Sigmund Freud Psychosexual Theory of Development

According to Sigmund Freud, personality is mostly established by the age of five. Early experiences play a large role in personality development and continue to influence behavior later in life.

Sigmund Freud Psychosexual Theory of Development


According to Sigmund Freud, personality is mostly established by the age of five. Early experiences play a large role in personality development and continue to influence behavior later in life.

Freud's theory of psychosexual development is one of the best known, but also one of the most controversial. Freud believed that personality develops through a series of childhood stages during which the pleasure-seeking energies of the id become focused on certain erogenous areas. This psychosexual energy, or libido, was described as the driving force behind behavior.

If these psychosexual stages are completed successfully, the result is a healthy personality. If certain issues are not resolved at the appropriate stage, fixation can occur. A fixation is a persistent focus on an earlier psychosexual stage. Until this conflict is resolved, the individual will remain "stuck" in this stage. For example, a person who is fixated at the oral stage may be over-dependent on others and may seek oral stimulation through smoking, drinking, or eating.

1. The Oral Stage

Age Range: Birth to 1 Year
Erogenous Zone: Mouth 
During the oral stage, the infant's primary source of interaction occurs through the mouth, so the rooting and sucking reflex is especially important. The mouth is vital for eating, and the infant derives pleasure from oral stimulation through gratifying activities such as tasting and sucking. the infant also develops a sense of trust and comfort through this oral stimulation. The primary conflict at this stage is the weaning process--the child must become less dependent upon caretakers. If fixation occurs at this stage, Freud believed the individual would have issues with dependency or aggression. Oral fixation can result in problems with drinking, eating, smoking or nail biting.

2. The Anal Stage

Age Range: 1 to 3 years
Erogenous Zone: Bowel and Bladder Control
Focus of the libido was on controlling bladder and bowel movements. The major conflict at this stage is toilet training--the child has to learn to control his or her bodily needs. Developing this control leads to a sense of accomplishment and independence. According to Freud, success at this stage is dependent upon the way in which parents approach toilet training. If parents take an approach that is too lenient, Freud suggested that an anal-expulsive personality could develop in which the individual has a messy, wasteful or destructive personality.
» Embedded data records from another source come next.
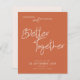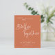 Um valor para o alternativo do ORÇAMENTO em tamanho menor de 4,5 x 5,6" de semirbrilho de 110 lbs, que é de espessura semelhante a um cartão postal (no entanto, não é adequado para uso como cartão postal). POR FAVOR, OBSERVE QUE HÁ UM convite por folha. Orçamento Melhor Junto Terracotta Salvar A Data. Uma design moderna para convidar seus convidados a salvar sua data de casamento com um roteiro de sorvete informal manuscrito para Melhores Juntos no centro para coordenar com o "e" no mesmo roteiro de conjunto entre seus nomes em um fundo colorido de terracota. O resto do texto pode ser facilmente personalizado. Um fundo creme está atrás. As cores do texto e do plano de fundo podem ser alteradas para cores diferentes se você desejar por meio da opção personalizar mais.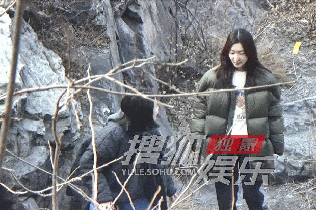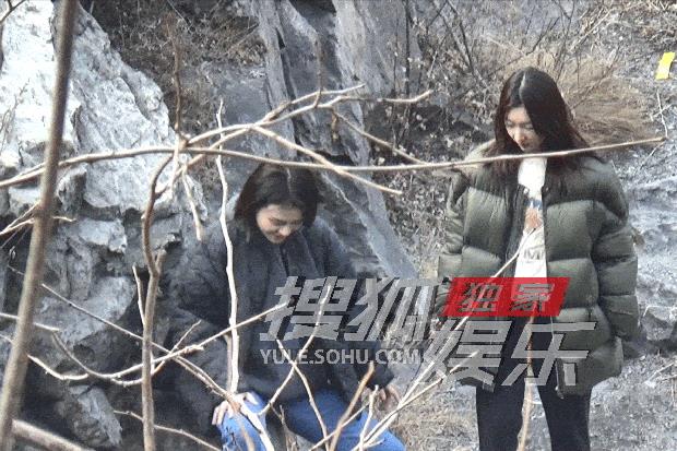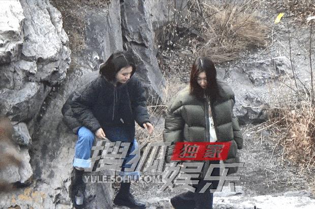 下台阶时周冬雨不时叮嘱马思纯小心。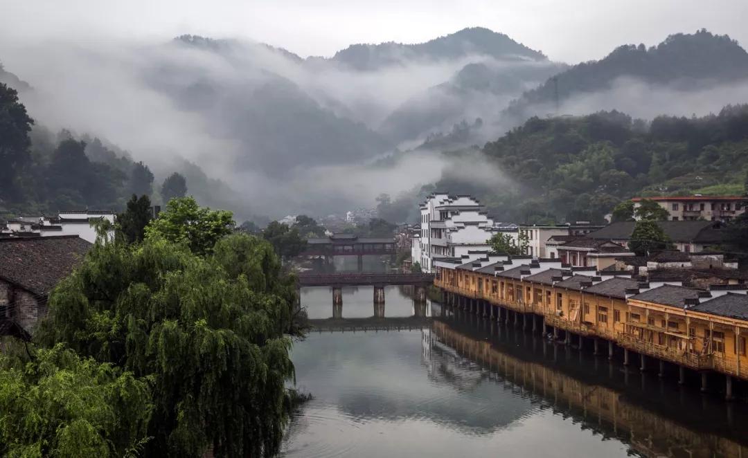 數(shù)百幢明清徽派古建筑依山傍水、錯落有致地分布在瑤河兩岸,飛檐翹角,粉墻黛瓦,掩映在青山綠水間,宛若置身于一幅清麗的山水畫中。
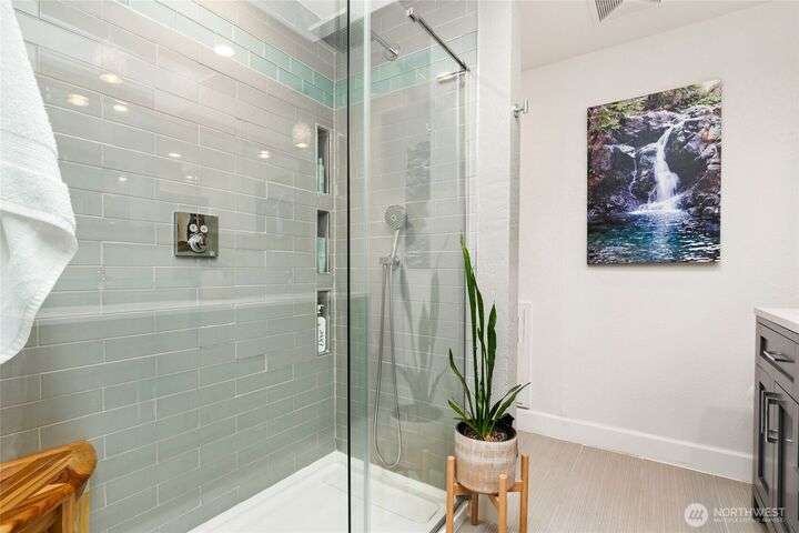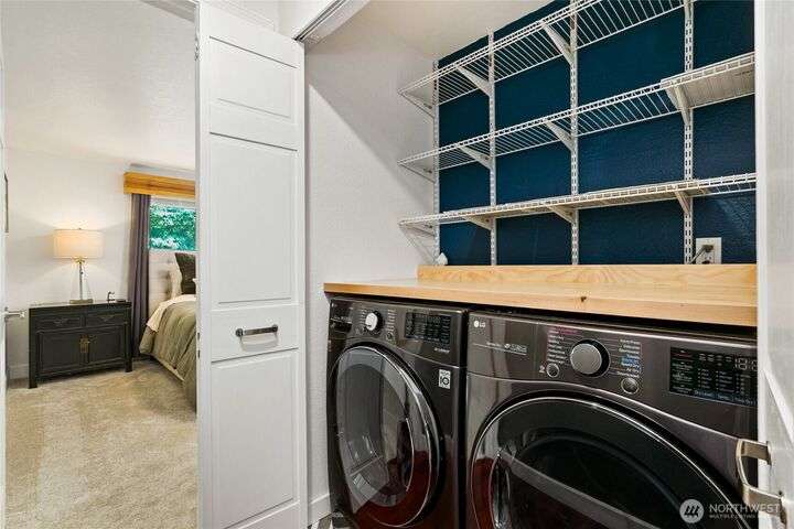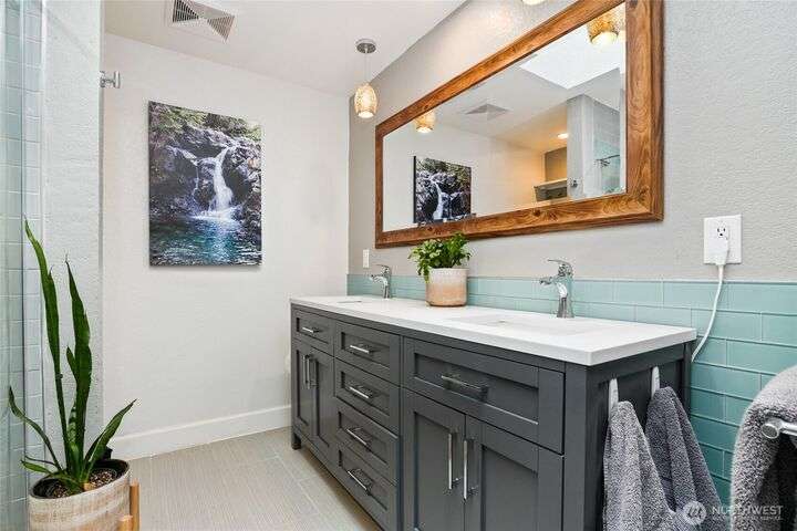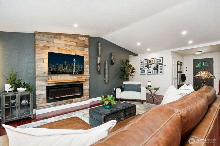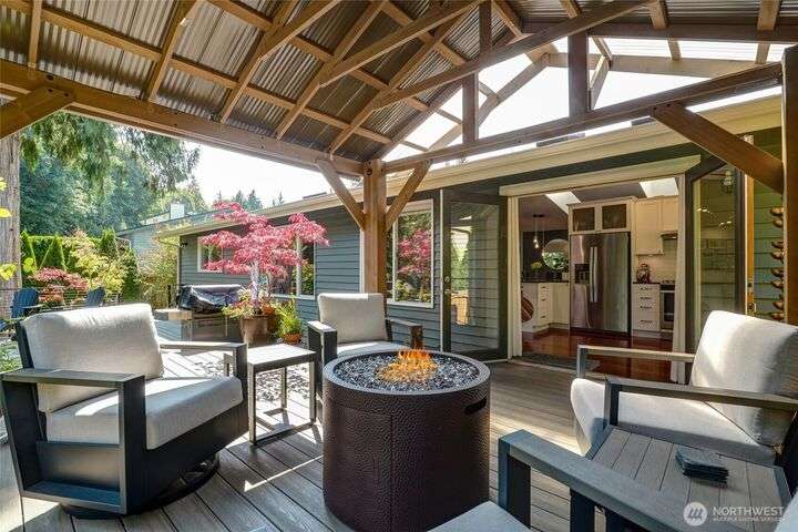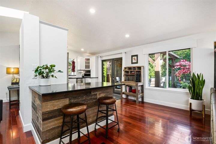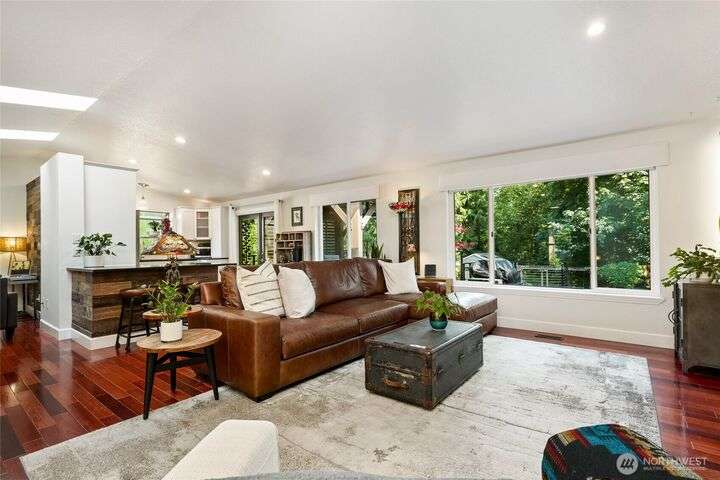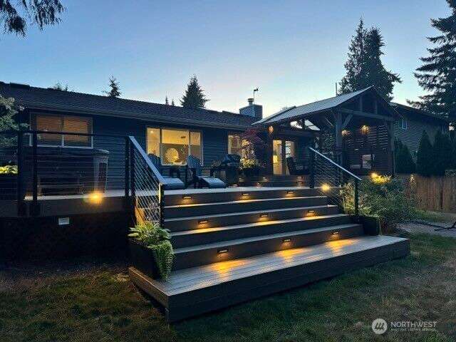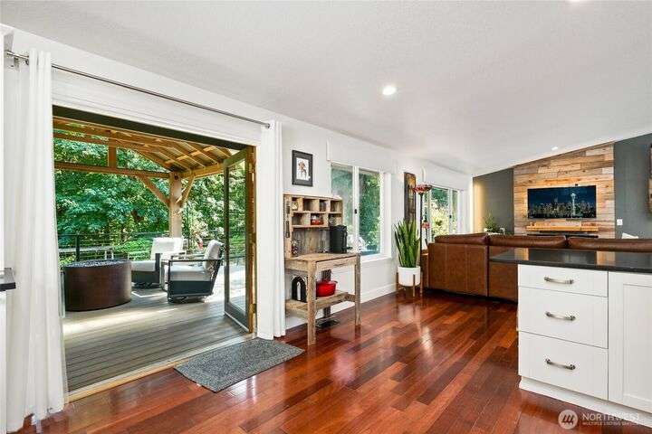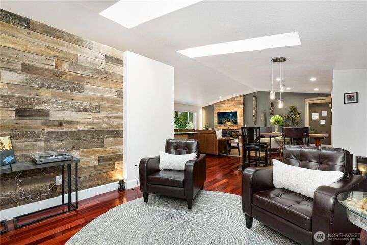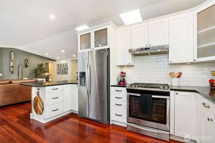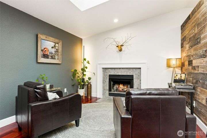 Exceptionally updated rambler combining functionality, tasteful upgrades, and classic comfort! Located on a fully fenced/flat lot, backed against a private + untouchable greenbelt. Fresh interior + exterior paint. Open-concept living featuring vaulted ceilings, skylights + 2 fireplaces. The kitchen shines w/ quartz counters, painted cabinetry, new backsplash, lighting + ss appliances. Primary suite boasts dual closets + a reimagined bath w/ walk-in tile shower + dual-sink vanity. 2 additional bedrooms feature upgraded closet systems, one w/ a Murphy bed + built-ins. Entertain on the expansive TimberTech deck w/ lighting, gazebo + lush landscaping. Newer heat pump, furnace + water heater. Near parks, schools, highways, shopping + dining!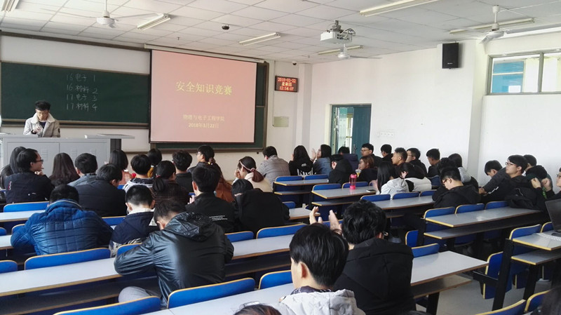 为普及安全知识,强化校园安全教育,大力营造校园安全文化氛围, 3月22日,物理与电子工程学院在二教楼704组织开展了安全知识竞赛活动,我院2016级、2017级同学参与了本次活动。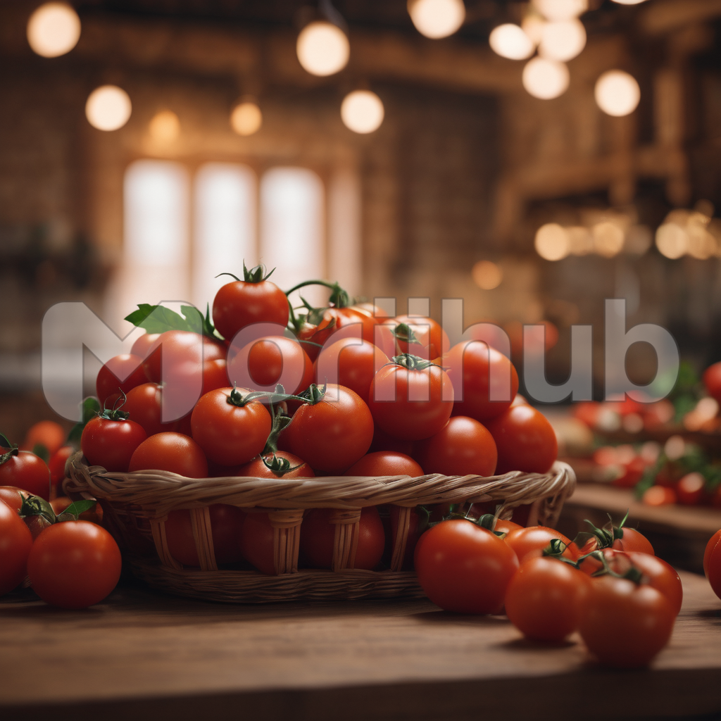 A rustic basket cradles plump, ripe tomatoes, a vibrant medley of crimson hues. Each tomato boasts a glossy sheen, hinting at its juicy succulence within. Their earthy aroma wafts from the basket, tantalizing the senses. Sun-kissed and firm to the touch, they promise a burst of flavor with every bite. Together, they form a bounty of freshness, a testament to nature’s abundance and the anticipation of culinary delights yet to unfold.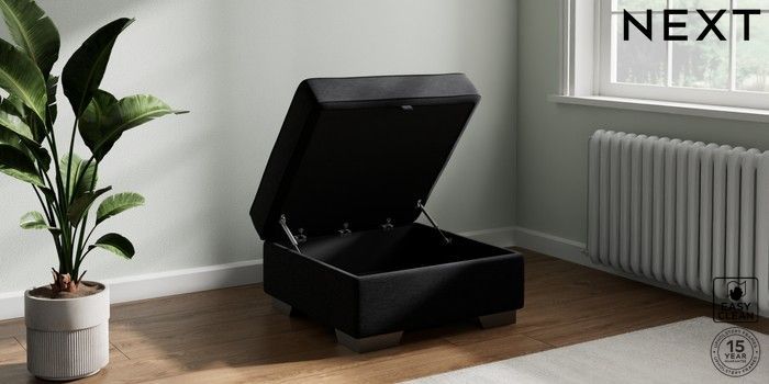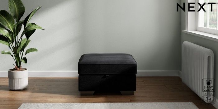 7.2.6 Buy Stamford Buttoned Back Storage Footstool Fine Chenille Easy Clean Black Square Angle - Gunmetal from the Laura Ashley online shop Click here to use our website with more accessibility support, for example screen readers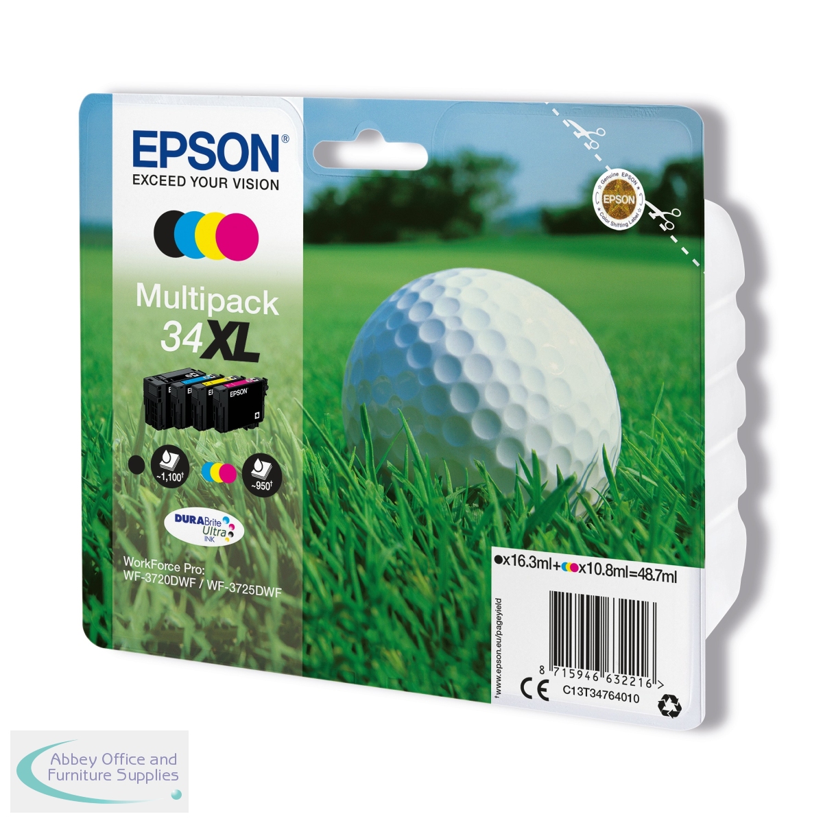 EP63221 - Epson 34XL Golf Ball DURABrite Ultra Ink Cartridge High Yield CMYK Multipack C13T34764010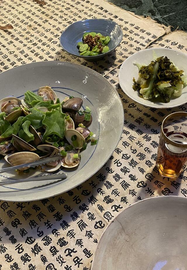 ハマグリはニンニク生姜、ナンプラー味。真鯛は黒酢入りのお汁に熱々の胡麻油をジュワッとかけて、バジルを載せて。2料理ともに超簡単調理なのに、美味しい、美味しい。

If parents are too strict or begin toilet training too early, Freud believed that an anal-retentive personality develops in which the individual is stringent, orderly, rigid and obsessive.

3. The Phallic Stage

Age Range: 3 to 6 Years
Erogenous Zone: Genitals
During the phallic stage, the primary focus of the libido is on the genitals. At this age, children also begin to discover the differences between males and females. Freud also believed that boys begin to view their fathers as a rival for the mother’s affections. The Oedipus complex describes these feelings of wanting to possess the mother and the desire to replace the father. However, the child also fears that he will be punished by the father for these feelings, a fear Freud termed castration anxiety. The term Electra complex has been used to described a similar set of feelings experienced by young girls. Freud, however, believed that girls instead experience penis envy.Eventually, the child begins to identify with the same-sex parent as a means of vicariously possessing the other parent. Psychologists such as Karen Horney disputed this theory, calling it both inaccurate and demeaning to women. Instead, Horney proposed that men experience feelings of inferiority because they cannot give birth to children.

4. The Latent Period 

Age Range: 6 to Puberty
Erogenous Zone: Sexual Feelings Are Inactive
During the latent period, the libido interests are suppressed. The stage begins around the time that children enter into school and become more concerned with peer relationships, hobbies and other interests. This stage is important in the development of social and communication skills and self-confidence.

5. The Genital Stage 

Age Range: Puberty to Death
Erogenous Zone: Maturing Sexual Interests
During the final stage of psychosexual development, the individual develops a strong sexual interest in the opposite sex. This stage begins during puberty but last throughout the rest of a person's life.

Where in earlier stages the focus was solely on individual needs, interest in the welfare of others grows during this stage. If the other stages have been completed successfully, the individual should now be well-balanced, warm and caring. The goal of this stage is to establish a balance between the various life areas.